Linalg compiles cuda modules on the fly, and you may see code being compiles as you run it. I made some slight modifications to your code to reduce the size of the arrays being multiplied, but regardless, after two runs with no other improvements I saw massive gains in performance ex:
Time taken with GPU:2.5476348400115967
Time taken without GPU:0.16627931594848633
vs
Time taken with GPU:0.8741757869720459
Time taken without GPU:0.15836167335510254
However that is still much slower than the CPU version. The next thing I did was give a more accurate timing based upon where the actual computation is happening. You aren't tiling in your numpy version, so don't time it in your cuda version:
REAL Time taken with GPU:0.6461708545684814
You also copy to the GPU, and include that in the calculation, but that in itself takes a non trivial amount of time, so lets remove that:
t1 = time.time()
zz_Hypg = linalg.multiply(zzg,xxg)
t2 = time.time()
...
REAL Time taken with GPU:0.3689603805541992
Wow, that contributed a lot. But we still are slower than the numpy version? Why?
Remember when I said that numpy doesn't tile? It doesn't copy memory at all for broad casting. To get the real speed, you would have to:
not Tile
broadcast dimensions
implement this in a kernel.
Pycuda provides the utilities for kernel implementation, but its GPU array does not provide broadcasting.
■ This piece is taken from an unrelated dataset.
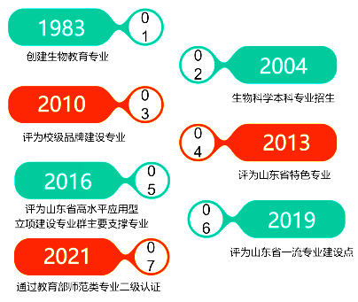 生物科学专业由1983年开始招生的生物教育专业发展而来。经过30多年的建设和发展,现已成为省内知名中小学生物学教师培养和生物科学精英人才输送基地。2019年被评为山东省一流专业建设点,2021年通过国家教育部师范类专业二级认证。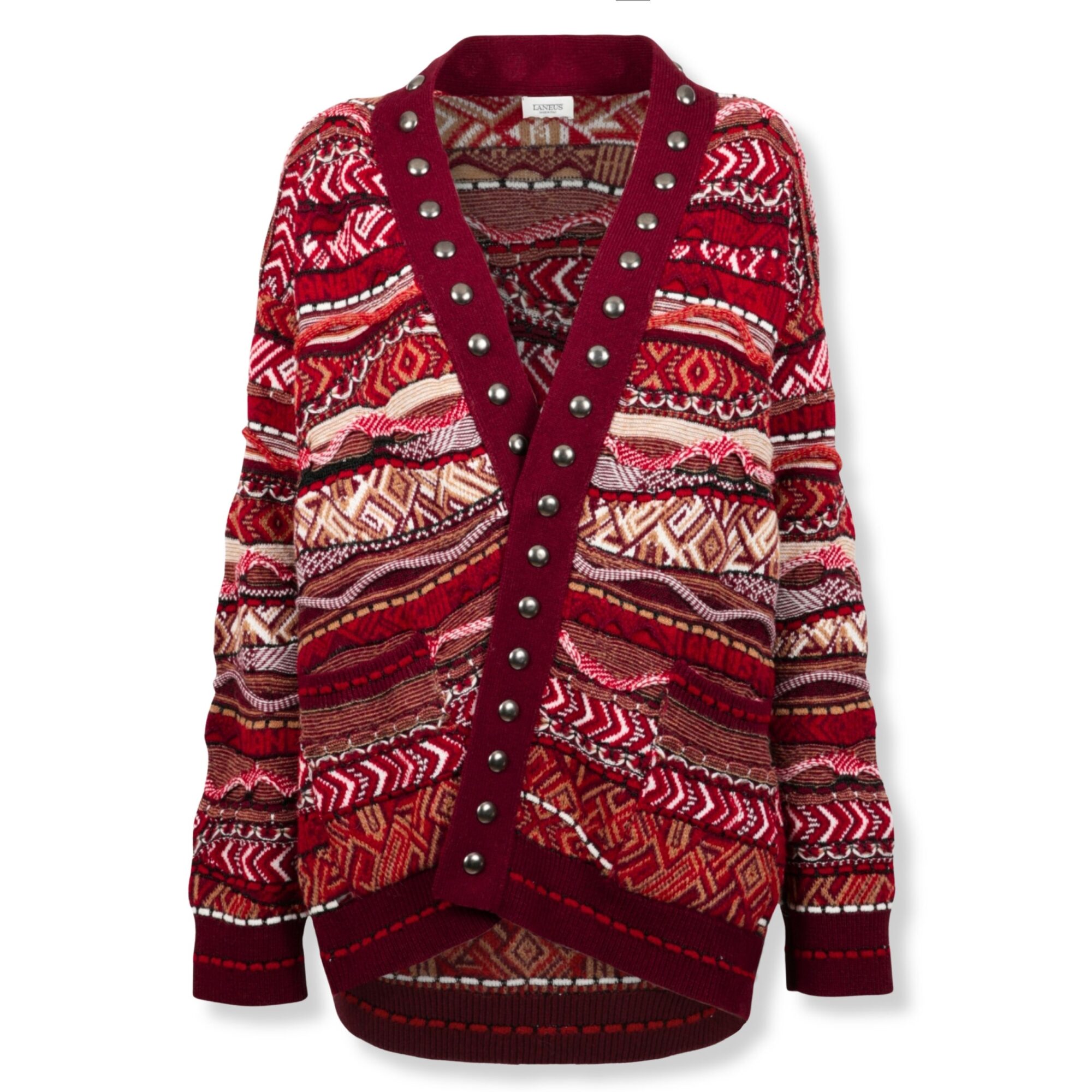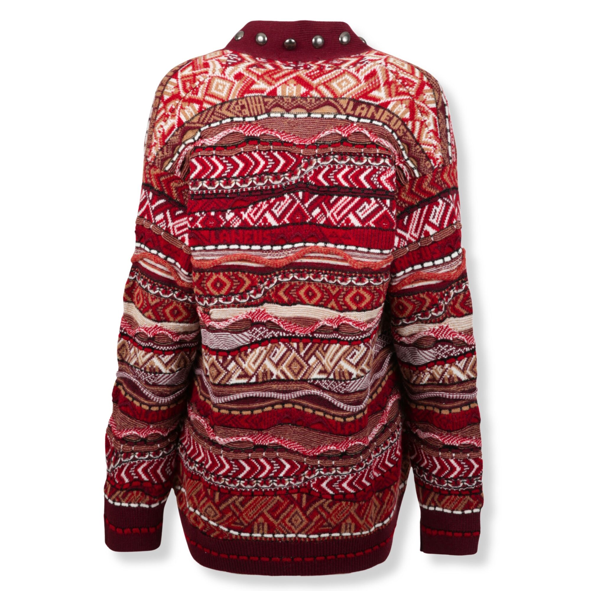 Cardigan Oversize Iconic Jacquard. Design con motivo “LA.” iconico del brand, impreziosito con borchie lungo l’apertura frontale e orli a costine.

Essentially what you would have to do is this (DISCLAIMER: I haven't tested this, there are probably bugs, this is just to demonstrate approximately what the kernel should look like):
#include <pycuda-complex.hpp>
//KERNEL CODE
constexpr unsigned work_tile_dim = 32
//instruction level parallelism factor, how much extra work to do per thread, may be changed but effects the launch dimensions. thread group size should be (tile_factor, tile_factor/ilp_factor)
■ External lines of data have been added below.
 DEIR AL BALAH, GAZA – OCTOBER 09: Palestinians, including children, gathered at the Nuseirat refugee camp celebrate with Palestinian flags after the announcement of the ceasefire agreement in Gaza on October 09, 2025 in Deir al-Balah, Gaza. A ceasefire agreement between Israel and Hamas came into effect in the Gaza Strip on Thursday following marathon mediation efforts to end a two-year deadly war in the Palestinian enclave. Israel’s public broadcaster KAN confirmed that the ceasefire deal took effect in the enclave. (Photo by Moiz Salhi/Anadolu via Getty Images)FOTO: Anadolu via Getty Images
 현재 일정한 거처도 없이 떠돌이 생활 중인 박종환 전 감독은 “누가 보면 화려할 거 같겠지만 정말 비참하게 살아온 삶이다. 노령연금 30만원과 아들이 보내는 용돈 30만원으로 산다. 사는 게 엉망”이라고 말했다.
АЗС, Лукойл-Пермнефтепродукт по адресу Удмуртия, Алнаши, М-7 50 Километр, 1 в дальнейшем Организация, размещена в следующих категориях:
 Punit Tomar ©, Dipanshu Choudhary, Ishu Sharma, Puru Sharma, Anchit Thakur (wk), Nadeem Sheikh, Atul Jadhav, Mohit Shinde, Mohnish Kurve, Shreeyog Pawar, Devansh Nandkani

constexpr unsigned ilp_factor = 4
//assuming c order:
// x axis contiguous out,
// y axis contiguous in zz,
// x axis contiguous in xx
// using restrict because we know that all pointers will refer to different parts of memory.
__global__
void element_wise_multiplication(
pycuda::complex<double>* __restrict__ array_zz,
pycuda::complex<double>* __restrict__ array_xx,
pycuda::complex<double>* __restrict__ out_array,
unsigned array_zz_w, /*size of w,z,y, dimensions used in zz*/
unsigned array_zz_z,
unsigned array_zz_xx_y,/*size of y,x, dimensions used in xx, but both have same y*/
unsigned array_xx_x){
// z dimensions in blocks often have restrictions on size that can be fairly small, and sometimes can cause performance issues on older cards, we are going to derive x,y,z,w index from just the x and y indicies instead.
unsigned x_idx = blockIdx.x * (work_tile_dim) + threadIdx.x
unsigned y_idx = blockIdx.y * (work_tile_dim) + threadIdx.y
//blockIdx.z stores both z and w and should not over shoot, and aren't used
//shown for the sake of how to get these dimensions.
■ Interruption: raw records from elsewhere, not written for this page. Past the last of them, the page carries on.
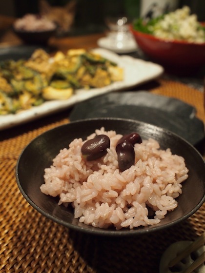 「赤い色の豆ご飯ができますよ」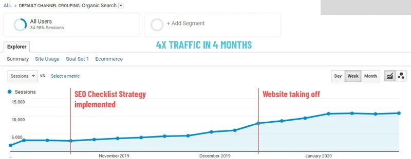 In just 4 months, Chirag took this website from 2,500 organic visitors per month to over 10,000 (4x growth in as many months).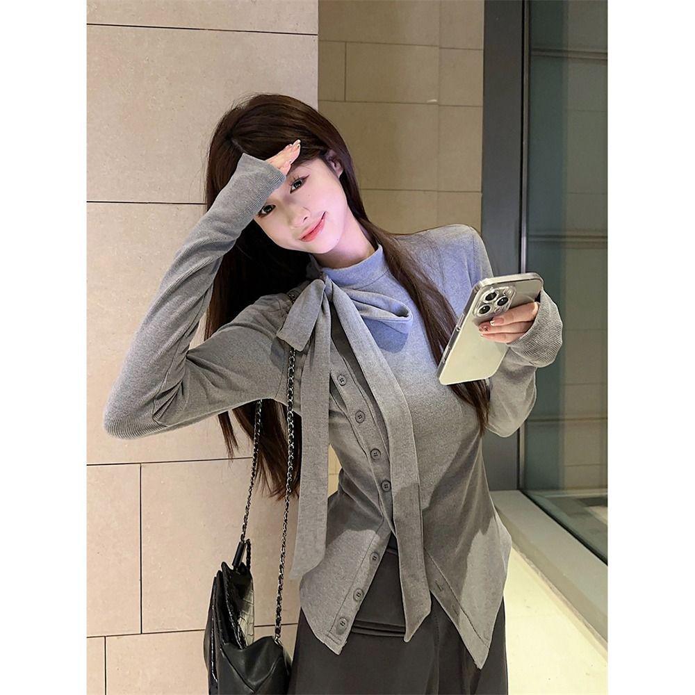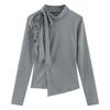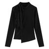 Koreanischer Stil Gebürstetes Verdicktes Langarm-T-Shirt mit Krawatten-Schnürung Stehkragen, Herbst/Winter Schlanke Passform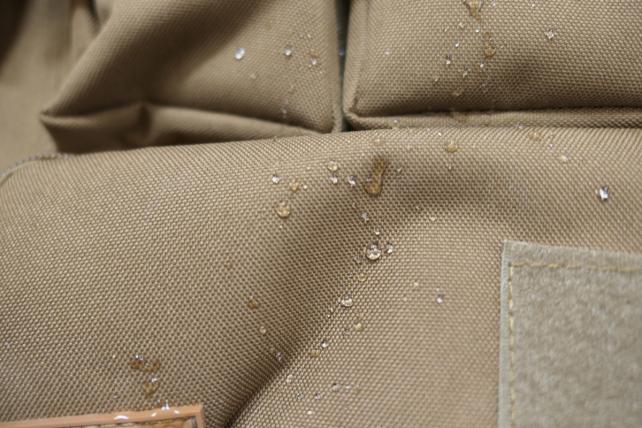 最後に、このバッグは、オックスフォード900DDPVCの生地を使っていて、耐摩耗性が高いとのことで、合わせて防水加工が施されているとのことだったので、水を垂らしてみました。

unsigned z_idx = blockIdx.z % array_zz_z;
unsigned w_idx = blockIdx.z / array_zz_z;
//we already know this part of the indexing calculation.
unsigned out_idx_zw = blockIdx.z * (array_zz_xx_y * array_xx_z);
// since our input array is actually 3D, this is a different calcualation
unsigned array_zz_zw = blockIdx.z * (array_zz_xx_y)
//ensures if our launch dimensions don't exactly match our input size, we don't
//accidently access out of bound memory, while branching can be bad, this isn't
// because 99.999% of the time no branch will occur and our instruction pointer
//will be the same per warp, meaning virtually zero cost.
if(x_idx < array_xx_x){
//moving over y axis to coalesce memory accesses in the x dimension per warp.
for(int i = 0; i < ilp_factor; ++i){
//need to also check y, these checks are virtually cost-less
// because memory access dominates time in such simple calculations,
// and arithmetic will be hidden by overlapping execution
if((y_idx+i) < array_zz_xx_y){
//splitting up calculation for simplicity sake
out_array_idx = out_idx_zw+(y_idx+i)*array_xx_x + x_idx;
array_zz_idx = array_zz_zw + (y_idx+i);
array_xx_idx = ((y_idx+i) * array_xx_x) + x_idx;
//actual final output.
out_array[out_array_idx] = array_zz[array_zz_idx] * array_xx[array_xx_idx];
}
}
}
}
You will have to make the launch dimensions something like:
thread_dim = (work_tile_dim, work_tile_dim/ilp_factor) # (32,8)
y_dim = xx0.shape[0]
x_dim = xx0.shape[1]
wz_dim = zz0.shape[0] * zz0.shape[1]
block_dim = (x_dim/work_tile_dim, y_dim/work_tile_dim, wz_dim)
And there are several further optimizations you may be able to take advantage of:
store global memory accesses in work tile in shared memory inside of kernel, this ensures that accesses to zz0s "y", but really x dimension are coallesced when put into shared memory, increasing performance, then accessed from shared memory (where coalescing doesn't matter, but bank conflicts do). See here on how to deal with that kind of bank conflict.
instead of calculating eulers formula and expanding a double into a complex double, expand it inside of the kernel itself, use sincos(-x, &out_sin, &out_cos) to achieve the same result, but utilizing way less memory bandwidth (see here).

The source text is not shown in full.